A “Escada de Istambul” (Oficina do Livro, 2016) é um romance histórico inspirado na família Camondo, extinta em Auschwitz. Tiago Salazar assume-se como narrador que chega a uma escadaria em Istambul e quer saber “de onde vem e para onde vai”. Estabelece conversa com o turco Mehte que, generosamente, o convida para a sua casa e para uma viagem no tempo, na história da escadaria que era, também, a história de uma família judia.
Os Camondo, judeus ricos com origens remotas em Veneza, Toledo e talvez até Lisboa, têm registos de presença em Istambul pelo menos desde o Séc. XVIII. “Onde punham a mão faziam fortuna”, qual toque de Midas. Por muito que se tivessem esforçado por garantir que o enriquecimento era acompanhado por investimento nas comunidades em que viviam, que os processos eram transparentes e que existia abertura à diversidade cultural e religiosa, não conseguiram proteger-se da desconfiança e de ser reiteradamente escorraçados, até ao extermínio último, apenas e só por serem o que eram: judeus. Incompreendidos e sucessivamente despojados dos bens patrimoniais, preservaram ainda assim a identidade e a integridade, resistindo ao ressentimento e à renúncia de princípios, persistindo no recomeço, uma e outra vez até ao momento fatídico, de não retorno.
Uns intrinsecamente mais idealistas do que outros, todos os elementos da família Camondo eram educados para vencer e fazer prevalecer a razão sobre o instinto, respeitando os valores e a ética do patriarca, numa alternância pungente entre firmeza e liberdade. Defendiam a arte de não anular a diferença, de aproximar a oposição, de respeitar até quem não respeita. A Escola das Religiões foi disso um ícone, uma escola aberta a todos onde se professavam todos os credos e se punham em prática valores de respeito pela diferença e paixão pelo saber, em respeito ao “Tsedaka, princípio religioso segundo o qual a vida é encarada como uma missão, um dever para com os outros, o outro acima de tudo.
Todo o romance está impregnado de mensagens éticas no discurso e no agir dos personagens: “Uma escada tem dois limiares, define duas portas, a do primeiro e a do último passo, não importa se a sobes, se a desces, porque haverá sempre um primeiro e um último passo. Cada degrau implica um esforço, uma tensão, um esticar de corda no arco do corpo, que se curva em obediência ao para onde vai. Em alguns desgraçados seres, também se lhes dobra o arco do espírito. Desgraçados porque, se tal sucede, nunca mais são os mesmos que eram antes de se aventurarem escada acima ou escada abaixo, tanto faz”.

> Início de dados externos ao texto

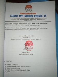 Informasi yang diperoleh NEWSMETRO.CO jika tidak ada aral melintang, Senin (14/12/2020) Wakil Sekretaris Jenderal (Wasekjen) Dewan Pimpinan Pusat (DPP) Laskar Anti Korupsi Pejuang 45 (Laki P. 45) Johnny Kuron akan melaporkan lahan milik masyarakat yang diduga sejak Tahun 2007 dicaplok oleh PT. Purnawira Dharma Upaya ke Presiden Jokowi, Kepala Staf Kepresidenan Moeldoko dan Menteri Agraria dan Tata Ruang/BPN, Sofyan A. Djalil.

Hoje, em pleno séc. XXI, em Paris, não muito longe do Arco do Triunfo, uma mansão continua a contar a história desta família e de uma época. A casa e toda a sua colecção de objectos, móveis e obras de arte, foram doadas ao Estado Francês pelo Conde Moïse de Camondo após a Primeira Guerra Mundial. Moïse de Camondo encontrara na arte uma maneira de preservar a memória da família, continuando até o final dos seus dias a aumentar a colecção com peças raras, em homenagem ao seu filho Nissim, que fora morto em combate durante a Primeira Guerra Mundial. Moïse morre em 1935 e, após sua morte, a família fica reduzida à sua filha Béatrice e aos seus dois netos, todos mortos em 1943 nos campos nazis. As mais de trezentas páginas de Tiago Salazar, divididas em duas partes, transportam-nos para a intimidade das várias gerações desta família, no período compreendido entre o séc. XVIII e a segunda guerra mundial, primeiro em Istambul e depois em Paris.
Sendo um livro que resulta de um encontro casual entre dois estranhos em Istambul, o curioso Tiago Salazar e o conversador arquitecto turco Mehte Göktug, “A Escada de Istambul” é para o autor um ajuste de contas histórico com o judaísmo, reavivando a memória de uma família que considera notável. Jornalista, contista, cronista, autor de livros de viagens e agora romancista, Tiago Salazar deixou-se encantar pela história real dos Camondo, considerando-a uma “história da humanidade, de uma família que representa um todo”. Tal encanto impregna o romance de um respeito e consideração que passa para o leitor.